Perhaps I will ask my Meditation Instructor about that.
‘I’m going to talk a little about shamatha meditation, and I thought it would be good to try and actually do the mediation as we go along. The actual technique is very simple. All the great meditators of the past advised us to sit up straight when we mediate. When we sit up straight, there is a sense of alertness, a sense of importance - it produces the right atmosphere. In this particular instruction, I’m going to suggest we don’t use an external object, such as a flower, but instead follow the standard Theravada tradition of using our breath as the object. So we concentrate on our breathing: we simply follow our breath in and out. That’s it.
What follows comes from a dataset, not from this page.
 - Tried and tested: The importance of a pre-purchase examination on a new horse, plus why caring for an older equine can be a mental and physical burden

Our mind is focused on the breathing, our posture is straight, our eyes are open. That’s the essential technique: basically doing nothing.
Lets do that for a while.
Short Meditation Session:
We simply sit straight and we watch our breathing. We are not concerned with distractions, with all the thoughts that occupy our mind. We just sit - alone, by ourselves, no reference at all. Us, the breathing, and the concentration. That’s all we have.’
- Dzongsar Jamyang Khyentse Rinoche, Do Nothing: A Guided Mediation, from the Winter 2009 issue of Tricycle: The Buddhist Review.
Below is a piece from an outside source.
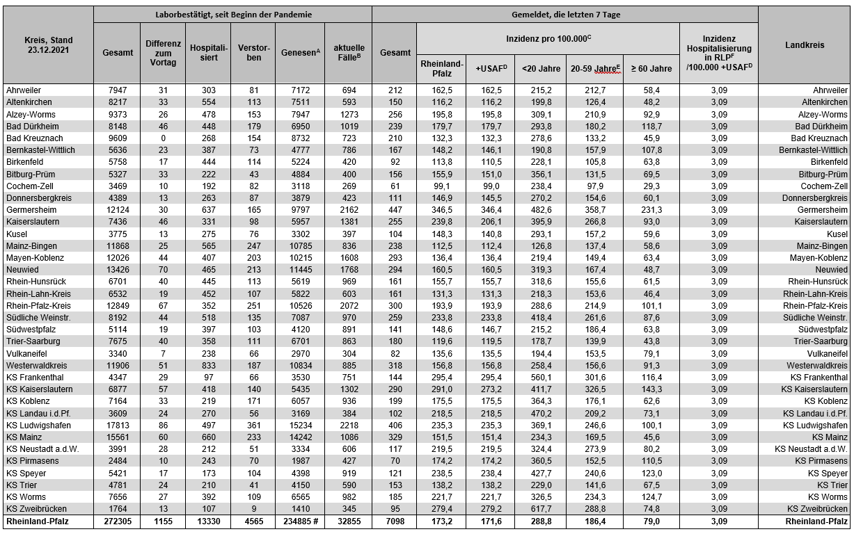 Coronavirus SARS-CoV-2: Fallzahlen für Rheinland-Pfalz, Datenstand vom 23.12.2021, 14:10 Uhr)

I asked myself during my contemplation this evening to review how I felt during the day. And from that simple intention arose some amazing learnings. Several events stood out, and from each of them I learned an important lesson.
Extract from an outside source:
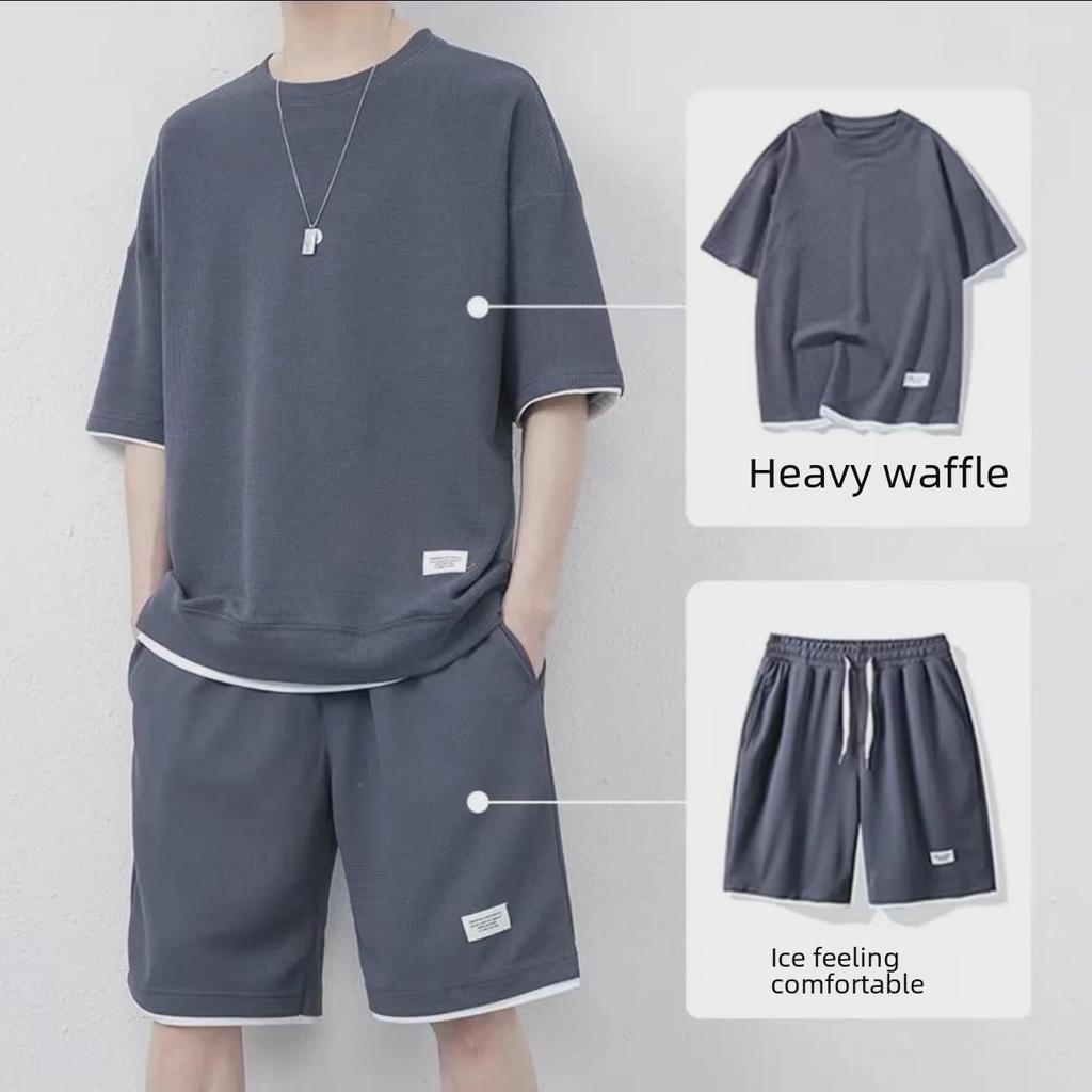 Мужской летний повседневный костюм из вафельного шелка Ice Silk: Комплект из свободной футболки с коротким рукавом и спортивных шорт

Lesson 1: sometimes broadcast text communication is useful to protect people from interruptions. The team has always been good at communicating when they know things are going badly, and my assumptions that they weren’t paying attention were unfounded.
Lesson 2: create space even when the container you’re in doesn’t allow for it. Meetings go bad because the people in them aren’t respectful. And while I spend much time when I design my meetings to create a container that encourages respect naturally, others don’t have that skill. And I need to be a better participant when that occurs. Creating my own personal container is a thing I need to learn better to do.
Lesson 3: just because I’m a leader doesn’t mean the people around me don’t have good ideas. I need to treat them as equals, and let them lead when they clearly have the skills to do so.
Lesson 4: having a grudge against one’s workplace is a great way to create tunnel vision. The moment I notice I’m acting un-skillfully, it would behoove me to take stock and look back immediately. My relationships with my coworkers are too precious – skillful means are always called for.
Pretty cool for 15 minutes of meditation and contemplation. I am so glad I added this practice to my daily routine!
Two hours in 85 degree weather with no wind. To my normal habitual mind this would have been miserable. To a meditative mind, it was curious. A practice of paying attention to the sweat rolling down my face. Of listening to the wildlife and sounds of the city around me.
Sure, comfort wasn’t really top of the agenda. But it also wasn’t all that bad. And it certainly could have been hotter.
But it was really nice practice. And I was glad to have done it. While the regularity of my sessions has not really gotten any better, I remain hopeful that these longer sessions will eventually jump-start me back into a good habit.
More experimentation is in order.
Eventually, I’m sure, I will settle into some sort of routine. Or maybe not? I’ve not really understood if there is value in routine, or if there is yet another balance to be struck between having a routine and not being unsettled when one doesn’t keep in the groove.
Another thing to work with.
And again I am reminded – all of the world presents itself as a teacher. Shall I embrace each moment as an opportunity to practice?